Molecular markers were not quantified in this work. As context, increasing MLT output and consolidation of the rhythm are consistent with rising AANAT capacity and downstream ASMT/HIOMT activity [1,39,43,44,45]; growing NE sensitivity aligns with maturation of α₂-adrenergic receptor expression and coupling; and the shift from damped to robust rhythms is compatible with the coordinated onset of core clock gene oscillations (Per, Cry, Bmal1, Clock) [29,30,40]. These links were not tested here; they are provided to guide focused future work that directly evaluates the proposed molecular timelines.

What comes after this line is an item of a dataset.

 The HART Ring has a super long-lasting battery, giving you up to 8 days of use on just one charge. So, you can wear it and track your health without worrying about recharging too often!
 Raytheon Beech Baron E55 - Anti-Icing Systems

Superfusion culture method enables precise control of stimuli (e.g., light and NE) and dense sampling, making time-course effects clear. At the same time, it is a simplified model that lacks whole-body signals (such as circulating catecholamines and glucocorticoids) and may alter local paracrine interactions. I therefore treat estimates of light and NE responsiveness as conservative relative to in vivo conditions. It is reassuring that the core phenomena observed here—the emergence and light entrainment of the rhythm and NE-mediated inhibition—align with reports from intact preparations, which supports the interpretation while making the model’s boundaries explicit.

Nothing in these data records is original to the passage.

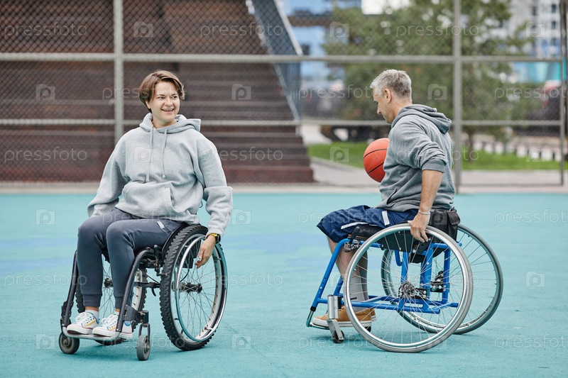 Пара в инвалидной коляске играет в баскетбол
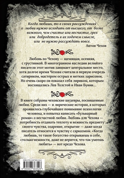 В этой книге впервые собраны чеховские шедевры, посвященные любви. Среди них — грустные лирические истории, в которых проявилось глубочайшее понимание психологии человека, и язвительные сюжеты, и попытка написать «бульварный роман» о несчастной любви — «Драма на охоте». Но эти очень разные повести и рассказы многое объединяет. Любовь для Чехова — это, прежде всего, потребность отдавать теплоту и нежность предмету своего чувства. Это всегда озарение, открытие — даже когда писатель относится к чувству со свойственным ему сарказмом. «Когда любишь, то такое богатство открываешь в себе, столько нежности, ласковости, даже не верится, что так умеешь любить», — кредо всемирно известного русского классика.
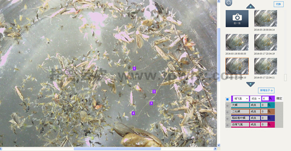 通过远程可拍照式虫情测报灯采集到的虫情照片,可设置拍照时间定时上传,也可随时远程拍照,即拍即看。高清照片清晰查看虫情状况,更有虫情识别软件自动识别稻飞虱、二化螟等水稻类虫害,自动计数。
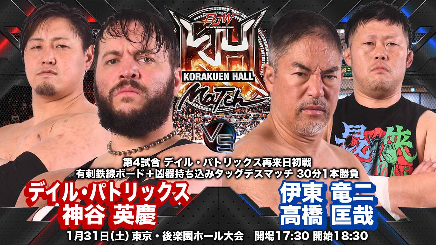 【BJW Free Match!!】2025.5.5横浜武道館 アキラ vs デイル・パトリックス【BJW認定デスマッチヘビー級選手権/鋭利物裸足デスマッチ】
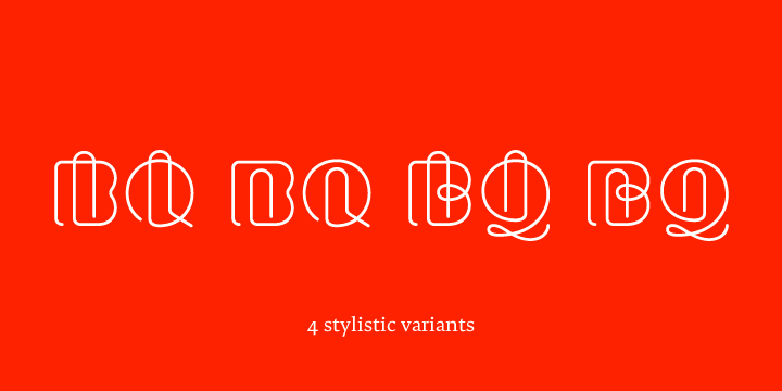 Clip family consists of 3 fonts, Hair, Light and Regular, each with 745 glyphs (supporting more than 70 latin based languages), 4 stylistic sets and advanced OpenType features. When Stylistic set 1 is activated, the overlapping loops contract, giving the text a whole new character. Moreover, every uppercase character is also available in an ornamental swash variant, which means most of the capitals have four different versions.

Overall, these findings fill a clear gap in understanding avian pineal development and its chronobiological regulation. They show that the embryonic turkey pineal reaches a functional state that permits light-dependent and neurochemical control of melatonin well before hatching. The study provides the first coherent characterization of secretion dynamics and regulatory features in turkey embryos, offering a practical framework for timing and assessing functional maturation in avian pineal tissue.

5. Conclusions

This study demonstrates that MLT secretion in the embryonic turkey pineal gland incubated in the superfusion culture and assay conditions employed could be reliably measured for the first time on embryonic day 22 (ED 22). From this stage onward, turkey pinealocytes exhibited all key features of post-hatching pineal function—clear photosensitivity, an active endogenous oscillator, and strong responsiveness to NE-mediated inhibition. The presence of these mechanisms from the onset of MLT secretion indicates that the cellular and molecular systems underlying circadian control are established before hatching. These results suggest that the essential functional characteristics of pineal regulation are evident by ED 22, i.e., well before hatching. Secretion at earlier stages cannot be excluded. To pinpoint the onset of measurable secretion and clarify its mechanistic basis, finer-grained staging under identical conditions will be needed.